The E-Cigarette Ban

Dooley Noted: 12/19/2013

I do not promote smoking cigarettes, organic or not. Inhaling tobacco is harsh to the lungs. Add in the chemicals of standard cigarettes, and you’ve got a recipe for health risks.

On the contrary, I was viciously against the ban of cigarettes in public places. I think smokers are ostracized for their choice to smoke. I think a certain level of second-hand smoke is dangerous, but I don’t like taking away the rights of people.

My dad used to complain quite readily about the smoking ban. A 57-year heavy smoker, he quit in September after his lung cancer diagnosis.

He quit cold turkey, and the water vapor E-cigarette helped him do it. I heard him cough only three times yesterday, when for decades he’d cough nearly on the minute.

I was shocked at how my entire family of smokers started using E cigarettes to severely cut their smoking down. This discipline to me was equivalent to eating a bowl of vegetables instead of a bag of chips.

This was the discipline that can make serious health changes.

Then, it happened.

E cigarettes were banned from use in public places.

My friend Lindsay told me this last night:

“I am really trying to quit, and now I’m forced to use my E cig outside with the regular smokers.”

There is no justifiable reason to ban E cigarette smoking.
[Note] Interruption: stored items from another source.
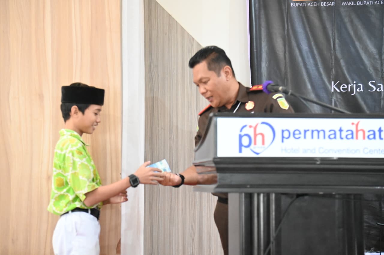 Kajari Aceh Besar, Jimmy Novian Tirayudi, SH, MH, MSi sawer suswa yang berhasil menjawab pertanyaan dalam acara Duta Pelajar Sadar Hukum di Hotel Permata Hati, Gampong Meunasah Manyang PA, Kecamatan Ingin Jaya, Rabu (17/12/2025). FOTO/ BEDU SAINI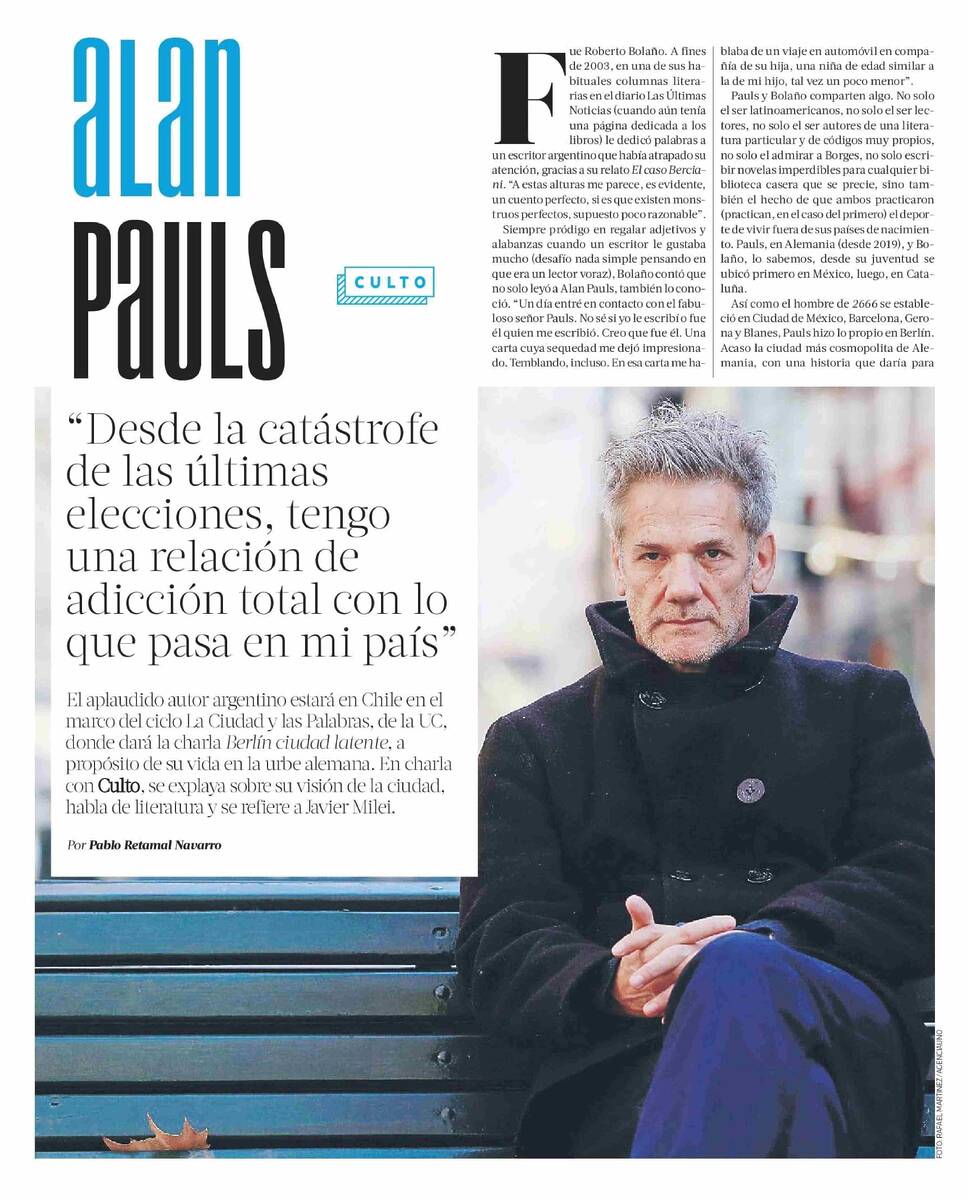 PRENSA I Medios destacan la participación de Alan Pauls en el ciclo La Ciudad y las Palabras de la UC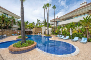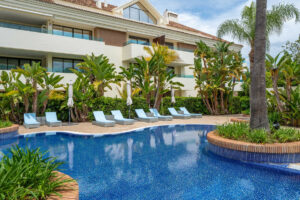 Este apartamento en planta baja con orientación suroeste está situado en la exclusiva zona residencial de Los Monteros, a sólo 3 minutos a pie de las playas más hermosas, conocida por su alta seguridad y el famoso club de playa La Cabane. Forma parte del único complejo de apartamentos de lujo existente en esta zona, que cuenta con jardines tropicales y una elegante piscina dentro de una comunidad totalmente cerrada.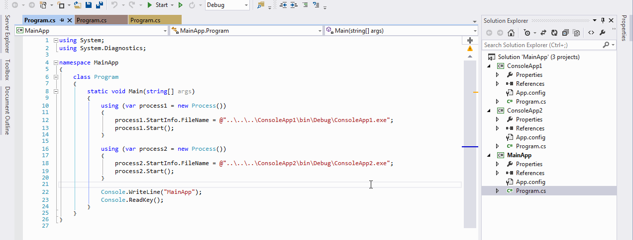 Lets say, I have a Test Application, which is the main application. I have another two Console applications say, ABC and XYZ. Now, when i run the Test Application, the console of both applications ABC and XYZ should appear.
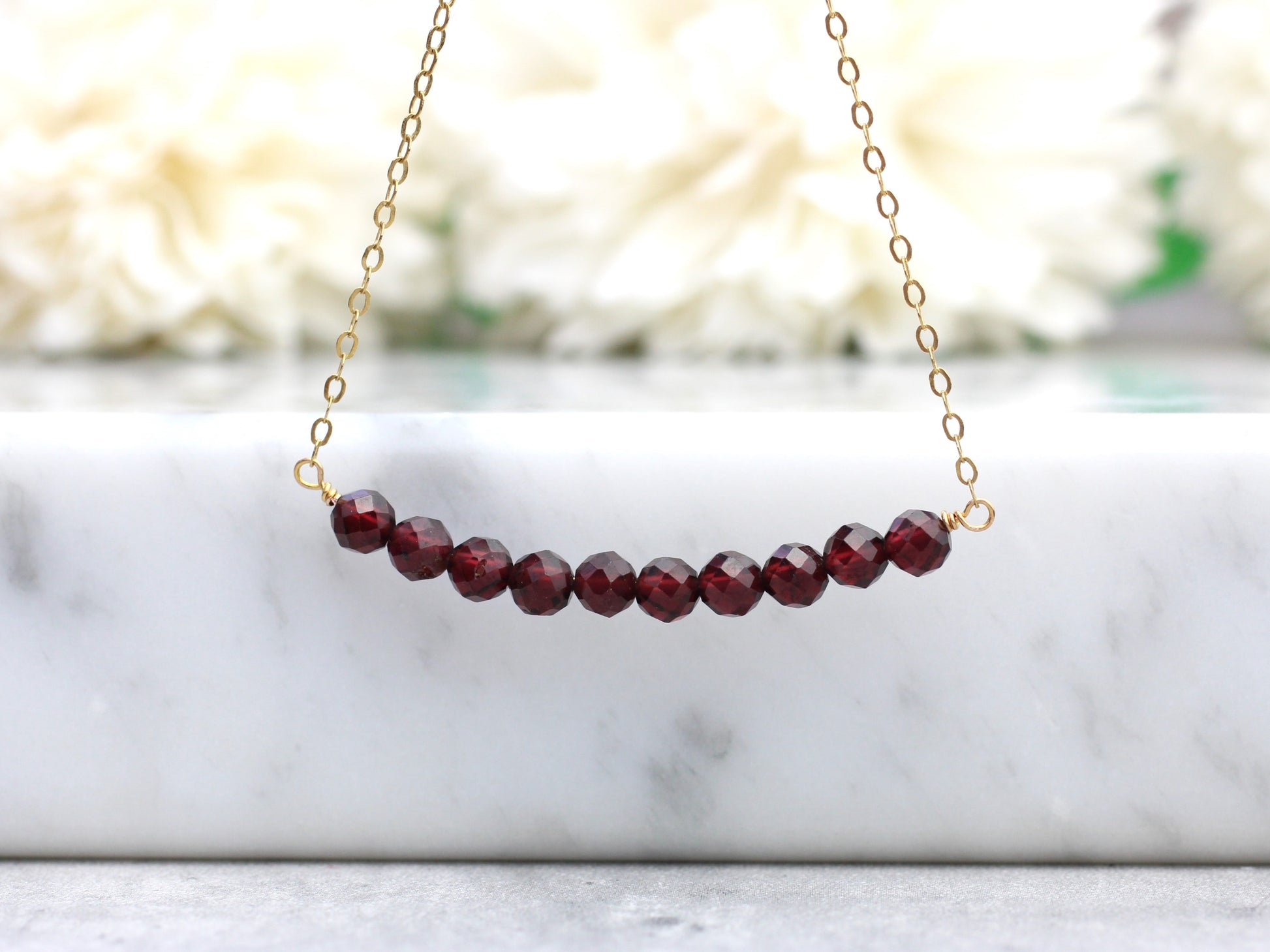 This January birthstone necklace features genuine garnet gemstone beads and is available in either sterling silver or gold.

To me, it’s equivalent to banning a protein shake for someone who is changing their food lifestyle.

But we don’t ban junk food. We don’t ban refined sugar or corn syrup, even though their glycemic loads pose major health risks across populations.

No one wants a sugar embargo more than I, but I would never push to take away rights.

We can help through educating people. Our doctors can learn more and stay abreast to the peer-reviewed results. But we can’t keep taking away the rights of people because we think we know what is good for them.

These three E cigarettes you see in the photo are completely changing the health of my family. I’m flabbergasted that the right to use them publicly has been taken away.

I’d write that it’s your call, but it’s evidently it’s not.